INFORMATION
....

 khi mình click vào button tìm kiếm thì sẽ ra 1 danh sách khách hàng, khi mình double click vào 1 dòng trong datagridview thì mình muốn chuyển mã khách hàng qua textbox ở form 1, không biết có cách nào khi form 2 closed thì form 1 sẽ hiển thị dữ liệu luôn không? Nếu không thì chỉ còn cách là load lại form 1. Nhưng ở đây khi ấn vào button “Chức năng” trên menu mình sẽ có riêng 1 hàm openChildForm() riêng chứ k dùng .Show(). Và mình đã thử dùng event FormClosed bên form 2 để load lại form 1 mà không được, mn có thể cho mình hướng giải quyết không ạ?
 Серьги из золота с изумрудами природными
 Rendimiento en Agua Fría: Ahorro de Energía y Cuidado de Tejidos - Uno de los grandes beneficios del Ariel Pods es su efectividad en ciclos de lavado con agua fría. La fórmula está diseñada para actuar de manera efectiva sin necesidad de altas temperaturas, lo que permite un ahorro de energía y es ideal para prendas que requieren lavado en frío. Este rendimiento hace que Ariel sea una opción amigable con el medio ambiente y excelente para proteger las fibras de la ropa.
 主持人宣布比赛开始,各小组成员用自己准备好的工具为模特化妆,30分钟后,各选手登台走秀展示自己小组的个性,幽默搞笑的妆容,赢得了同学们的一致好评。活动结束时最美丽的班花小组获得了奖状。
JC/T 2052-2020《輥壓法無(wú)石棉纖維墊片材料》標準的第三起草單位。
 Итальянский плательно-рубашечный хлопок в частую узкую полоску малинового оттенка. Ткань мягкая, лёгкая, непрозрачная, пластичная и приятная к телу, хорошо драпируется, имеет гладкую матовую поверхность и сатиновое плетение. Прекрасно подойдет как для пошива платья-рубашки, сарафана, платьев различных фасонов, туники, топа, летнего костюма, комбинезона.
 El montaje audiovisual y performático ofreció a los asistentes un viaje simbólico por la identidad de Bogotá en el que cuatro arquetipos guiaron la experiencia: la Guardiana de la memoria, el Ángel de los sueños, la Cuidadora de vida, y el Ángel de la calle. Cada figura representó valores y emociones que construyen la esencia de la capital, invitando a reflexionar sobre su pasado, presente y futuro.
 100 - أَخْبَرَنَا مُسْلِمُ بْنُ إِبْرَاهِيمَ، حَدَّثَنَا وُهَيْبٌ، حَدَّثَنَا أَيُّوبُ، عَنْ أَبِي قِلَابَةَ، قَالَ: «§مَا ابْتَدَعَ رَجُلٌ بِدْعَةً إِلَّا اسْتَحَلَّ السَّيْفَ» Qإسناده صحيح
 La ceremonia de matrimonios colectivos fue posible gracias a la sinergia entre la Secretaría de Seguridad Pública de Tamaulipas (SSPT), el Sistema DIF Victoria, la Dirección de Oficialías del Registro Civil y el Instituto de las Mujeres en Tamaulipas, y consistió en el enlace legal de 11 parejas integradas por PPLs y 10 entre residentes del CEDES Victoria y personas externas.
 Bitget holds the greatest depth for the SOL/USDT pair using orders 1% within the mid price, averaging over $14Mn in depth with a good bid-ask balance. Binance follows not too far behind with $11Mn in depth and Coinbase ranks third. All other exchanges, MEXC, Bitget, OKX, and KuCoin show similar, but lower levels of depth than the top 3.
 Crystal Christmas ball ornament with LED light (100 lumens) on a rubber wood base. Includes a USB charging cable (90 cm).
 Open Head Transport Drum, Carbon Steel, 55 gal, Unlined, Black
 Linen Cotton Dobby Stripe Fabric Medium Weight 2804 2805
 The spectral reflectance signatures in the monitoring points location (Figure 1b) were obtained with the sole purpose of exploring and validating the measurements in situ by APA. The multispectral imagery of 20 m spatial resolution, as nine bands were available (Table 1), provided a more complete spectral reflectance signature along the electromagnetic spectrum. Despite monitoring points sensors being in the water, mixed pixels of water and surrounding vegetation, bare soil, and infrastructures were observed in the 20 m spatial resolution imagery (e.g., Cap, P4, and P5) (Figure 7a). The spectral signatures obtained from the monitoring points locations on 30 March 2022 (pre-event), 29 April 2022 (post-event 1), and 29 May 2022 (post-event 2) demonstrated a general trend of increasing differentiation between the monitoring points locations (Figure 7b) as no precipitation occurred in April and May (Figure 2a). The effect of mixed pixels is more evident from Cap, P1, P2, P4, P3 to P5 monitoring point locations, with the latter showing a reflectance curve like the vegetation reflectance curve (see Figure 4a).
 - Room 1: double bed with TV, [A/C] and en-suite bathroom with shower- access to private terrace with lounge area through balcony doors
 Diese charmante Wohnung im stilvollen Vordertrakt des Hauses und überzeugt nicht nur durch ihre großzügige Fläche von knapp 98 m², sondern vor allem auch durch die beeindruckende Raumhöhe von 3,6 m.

....

EXERCISE REQUIREMENTS
Which lines should be output? Exactly those from the first line of the data through the line containing "Итальянский плательно-рубашечный хлопок", inclusive.

WRITTEN SOLUTION
 khi mình click vào button tìm kiếm thì sẽ ra 1 danh sách khách hàng, khi mình double click vào 1 dòng trong datagridview thì mình muốn chuyển mã khách hàng qua textbox ở form 1, không biết có cách nào khi form 2 closed thì form 1 sẽ hiển thị dữ liệu luôn không? Nếu không thì chỉ còn cách là load lại form 1. Nhưng ở đây khi ấn vào button “Chức năng” trên menu mình sẽ có riêng 1 hàm openChildForm() riêng chứ k dùng .Show(). Và mình đã thử dùng event FormClosed bên form 2 để load lại form 1 mà không được, mn có thể cho mình hướng giải quyết không ạ?
 Серьги из золота с изумрудами природными
 Rendimiento en Agua Fría: Ahorro de Energía y Cuidado de Tejidos - Uno de los grandes beneficios del Ariel Pods es su efectividad en ciclos de lavado con agua fría. La fórmula está diseñada para actuar de manera efectiva sin necesidad de altas temperaturas, lo que permite un ahorro de energía y es ideal para prendas que requieren lavado en frío. Este rendimiento hace que Ariel sea una opción amigable con el medio ambiente y excelente para proteger las fibras de la ropa.
 主持人宣布比赛开始,各小组成员用自己准备好的工具为模特化妆,30分钟后,各选手登台走秀展示自己小组的个性,幽默搞笑的妆容,赢得了同学们的一致好评。活动结束时最美丽的班花小组获得了奖状。
JC/T 2052-2020《輥壓法無(wú)石棉纖維墊片材料》標準的第三起草單位。
 Итальянский плательно-рубашечный хлопок в частую узкую полоску малинового оттенка. Ткань мягкая, лёгкая, непрозрачная, пластичная и приятная к телу, хорошо драпируется, имеет гладкую матовую поверхность и сатиновое плетение. Прекрасно подойдет как для пошива платья-рубашки, сарафана, платьев различных фасонов, туники, топа, летнего костюма, комбинезона.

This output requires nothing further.